In other news, I found out that I have at least a week’s worth of gainful employment for the summer. Now to see if I can con someone else into hiring me for another month or so; although I could pretend I was going to get a lot done over the summer on my scholarship, the reality is that nothing in my life ever gets done without some degree of time pressure—idle hands and all that. Employment would probably make me get something done, as opposed to sitting around the apartment watching World Cup games.
University Diaries, on the increasing interest in Loren Pope and Colleges that Change Lives, his guide to 40 of America’s great liberal arts colleges:
As more and more Americans realize how many excellent colleges there are—many of them in settings more inspiring than New Haven—the Ivies run the risk of becoming drab asylums for the status-obsessed.
Run the risk? I’d say they’re mostly post-shark already.
You know, if you were going to go to the trouble of remastering a movie for DVD, including adding 5.1 Dolby Surround sound, you’d think it would be trivial to master the DVD in anamorphic mode so I’d get more than about 300 lines of effective vertical resolution on my 16:9 HDTV. Grr.
The failure rate on the bar exam appears to be rising, although the absolute number of individuals passing the bar seems to be nearly constant nationwide over time.
Multiple-choice question: which of the following explanations for this pattern is most plausible?
- Although more students are graduating from law school today than a decade ago, they are nonetheless dumber, at least as measured by the bar exam.
- Affirmative action is churning out large numbers of law school graduates who subsequently cannot pass the bar.

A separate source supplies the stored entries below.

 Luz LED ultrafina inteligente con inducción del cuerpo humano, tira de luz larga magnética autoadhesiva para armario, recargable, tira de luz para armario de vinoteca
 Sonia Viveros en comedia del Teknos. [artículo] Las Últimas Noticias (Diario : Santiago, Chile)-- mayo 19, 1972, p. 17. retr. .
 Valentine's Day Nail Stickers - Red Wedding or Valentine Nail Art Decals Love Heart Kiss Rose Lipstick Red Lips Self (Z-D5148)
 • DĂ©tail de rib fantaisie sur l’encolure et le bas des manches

- The body of knowledge necessary to practice law in America has substantially increased in the past decade, thus requiring greater knowledge by new attorneys; thus the bar exam has become harder.
- The bar exam is designed to limit the supply of lawyers, not to test whether potential lawyers have sufficient knowledge to practice law.

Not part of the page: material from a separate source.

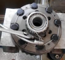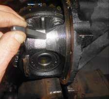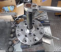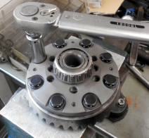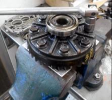 | リングギヤ取り外し、サイドB/g取り外し H165デフはサイドB/g圧入の奥に 0.05〜0.50 4種類のシムが片側2〜3枚くらいずつ入っているのでマイクロゲージで測定しバックラッシュ調整します。初心者メカだと1回では中々決まらず、サイドB/g脱着を2〜4回繰り返す事になり、コレがH型デフの面倒なところで多くのメカに嫌われてます |

Free hint: the bar exam is set by existing members of the profession who have a state-granted monopoly on the practice of law.

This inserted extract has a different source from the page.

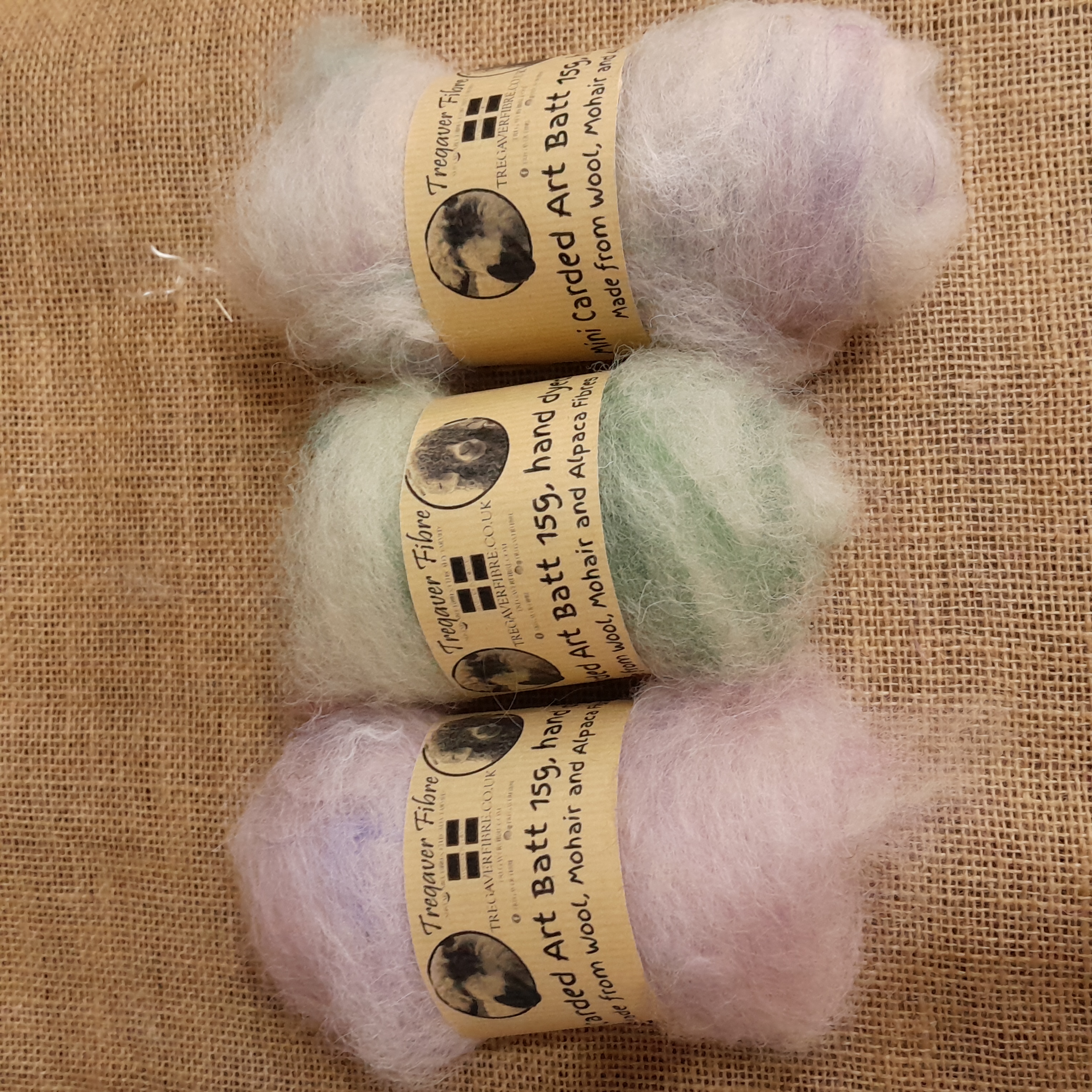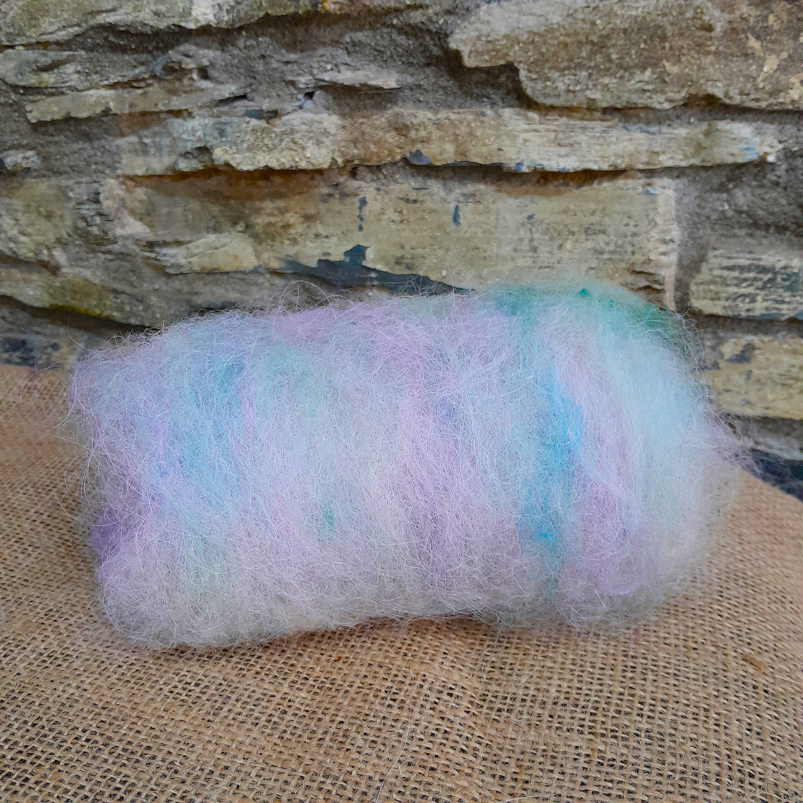 Our carded art batts have been handmade on our drum carder. They are made from our own various types of hand dyed wools and fibres. These have all been lightly carded so there are still some natural textures that can be found in the batt - for instance, you'll notice a few curly teeswater locks in the batts, some blue faced leicester tiny curls, and some valais waves - our batts have been created to have a mix of breeds of wool sheep in, to allow for ease of felting, and some also contain some mohair and alpaca, for a touch of luxury!

þ: Glenn Reynolds and Amber Taylor’s comments.
Division of Labour links a Reuters piece that says ”[t]he day is coming when carriers will require special fees even to check a bag.” That day has already arrived in Europe, which you’d think Reuters (of all news agencies) would already be aware of.
A couple of disconnected thoughts about the NCAA basketball tournament thus far:
- If the NCAA wants us to treat the play-in game as part of the “real” tournament, they’re going to have to do better than producing “Opening Round” bunting for the scorer’s table. At the very least, they need to call ESPN and tell them that they’re not allowed to do bush-league phone-in blowout material over the game action. More realistically, the “opening round” needs to be a real round, with four play-in games—one for each region. And the games need to be played in front of a crowd that gives a shit about the outcome, which you’re not generally going to find in Dayton, Ohio.
- I’d never accuse the selection committee of showing favoritism toward generating good product, but it’s a mighty convenient coincidence that a lot of good, name-brand major conference teams are free to play deep into the now NCAA-owned-and-operated NIT rather than facing a second-round “big dance” exit against like likes of UConn or Duke.
My brackets, incidentally, are pretty boring; I’m not at all sold on Gonzaga or Tennessee doing much in the tourney. I picked Duke to win it all, over North Carolina (in my Yahoo! bracket) and Boston College (in my ESPN bracket)—I think otherwise the two brackets are identical.